Fleas propagate only in presence of their blood hosts. – Echidnophaga gallinacea, the chicken flea, lives a sedentary life on the cock’s comb; the male copulates stimulated by warmth. – The female of Tunga penetrans, the burrowing flea, burrows deeply into the skin, feet or other parts of the body of the host. The male does not feed on blood and copulates just before the skin around the female has closed completely. The tracheae of T. penetrans are smooth tubules without the coiling structures common to other fleas and insects (important for histological identification). – The rabbit flea (Spilopsyllus cuniculi) sychronizes its propagation exactly with that of its host: The wild rabbit (Oryctolagus cuniculus) constructs separate burrows for living and breeding. Its fleas, having settled in the ears of the rabbit, start the ripening of their eggs as soon as the rabbit has experienced multiple ovulation at copulation.
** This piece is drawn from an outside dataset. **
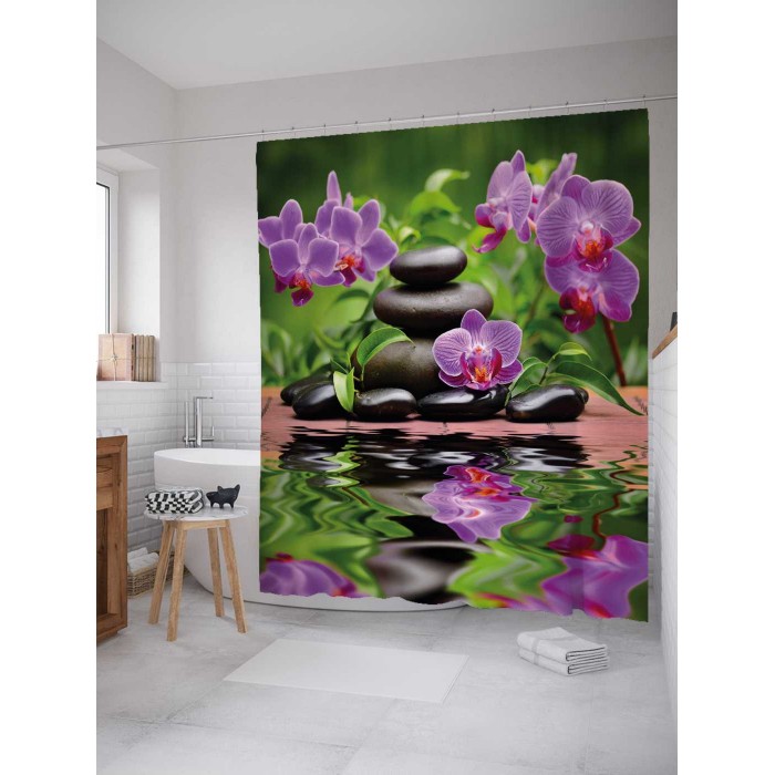 Шторка-занавеска для ванной JOYARTY Штора для ванной Орхидеи на камнях 180х200 см

The increasing corticosteroids in the blood of the rabbit are resorbed by the fleas through their cuticle. The fleas migrate via the mouth region of the rabbit into the nest, feed on the first litter and oviposit. The eggs develop rapidly in the warm nest and the new generation of fleas is ready to feed when the second litter appears. These fleas remain on the individuals of the second litter and leave the nest with them. The original parental generation of fleas, after a second oviposition, returns into the ears of the mother rabbit (details see fig. 4.12, page 227).